**** SUPPLIED DATA

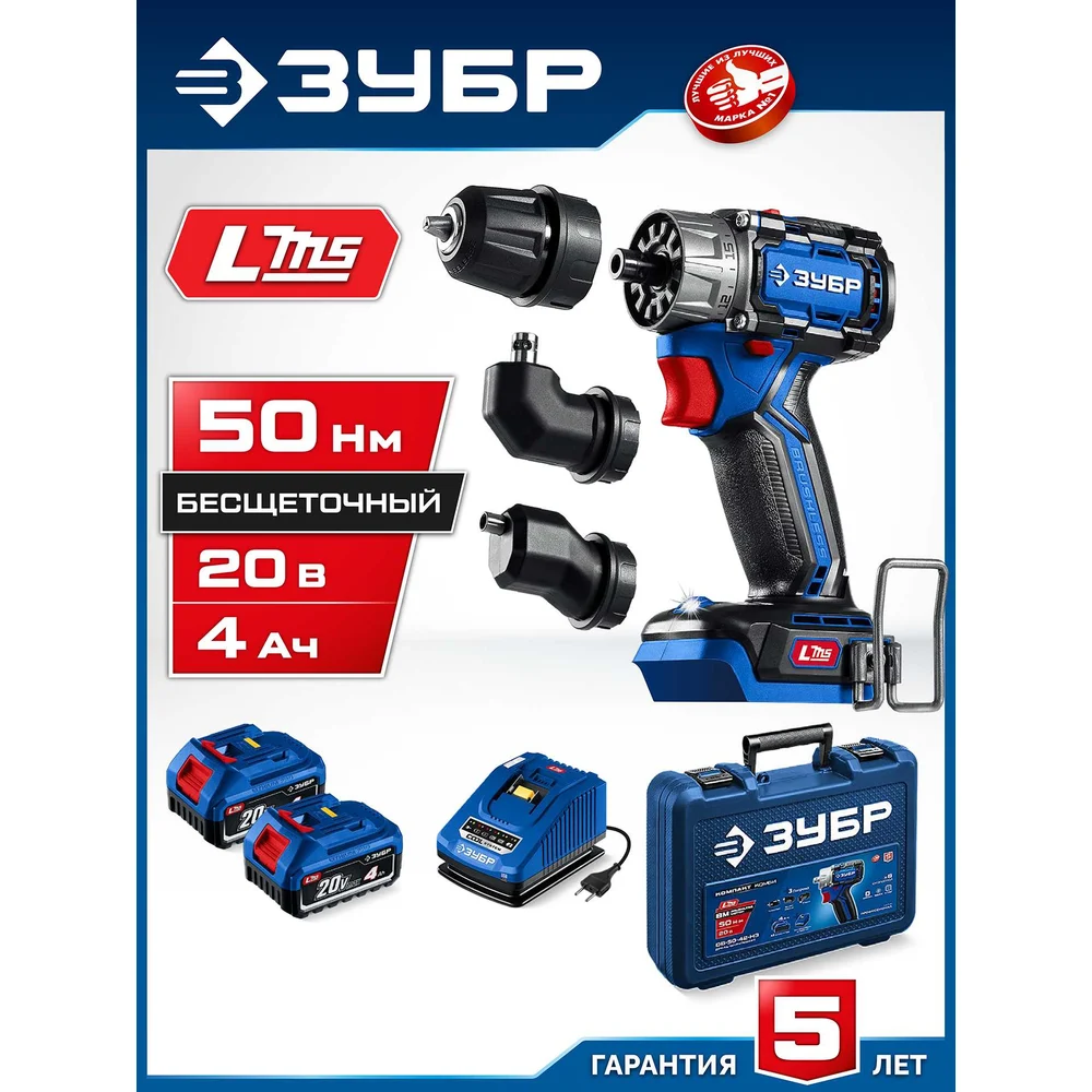 Купить Бесщеточная дрель-шуруповерт ЗУБР Профессионал Компакт Комби, 20 В, 50 Н·м, 2 АКБ LMS (4 А·ч), кейс DB-50-42-H3 по лучшей цене с доставкой - интернет магазин №1 в России
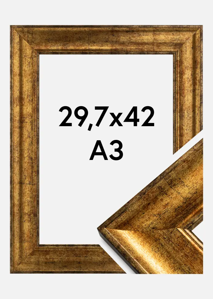 Saltsjöbaden Arany több méretben kapható, ebből a keret olyan képekhez illik, amelyek mérete 29,7x42 cm (A3).
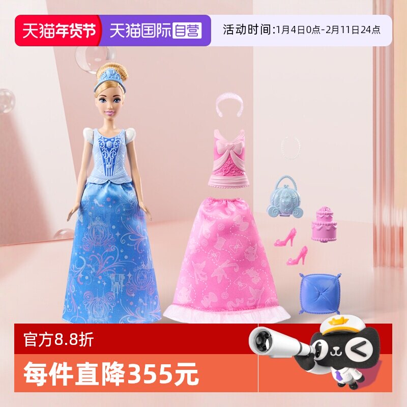 【自营】芭比娃娃迪士尼公主灰姑娘时尚套装可换装女孩过家家玩具
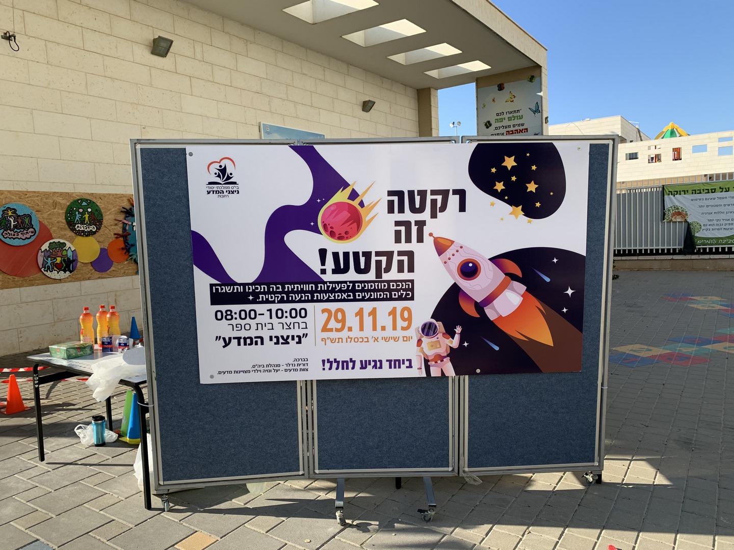 לאחר 45 דקות של יצירה, התייצבו הקבוצות לשיגור. קבוצת ההורים והילדים ששיגרו ראשונים נחלו כישלון והרקטה שלהם לא הצליחה להתרומם. קבוצת המורות שהגיעה אחריהן הצליחו לשגר את הרקטה לגובה. קבוצת הצופים גם הם נחלו כישלון, קבוצת המצויינות הצליחו לשגר למרחק קצר בניסיון השני והזוכים הגדולים של היום היו קבוצת ידידי החינוך שהצליחו לשגר את הרקטה שלהם למרחק משמעותי לאורך המסלול.

********

● **EXERCISE**:
Keep pictures out and return the lines from the one containing "Saltsjöbaden Arany több" through the end of the listing, both included, character for character.

● **ANSWER SECTION**:
 Saltsjöbaden Arany több méretben kapható, ebből a keret olyan képekhez illik, amelyek mérete 29,7x42 cm (A3).
 【自营】芭比娃娃迪士尼公主灰姑娘时尚套装可换装女孩过家家玩具
 לאחר 45 דקות של יצירה, התייצבו הקבוצות לשיגור. קבוצת ההורים והילדים ששיגרו ראשונים נחלו כישלון והרקטה שלהם לא הצליחה להתרומם. קבוצת המורות שהגיעה אחריהן הצליחו לשגר את הרקטה לגובה. קבוצת הצופים גם הם נחלו כישלון, קבוצת המצויינות הצליחו לשגר למרחק קצר בניסיון השני והזוכים הגדולים של היום היו קבוצת ידידי החינוך שהצליחו לשגר את הרקטה שלהם למרחק משמעותי לאורך המסלול.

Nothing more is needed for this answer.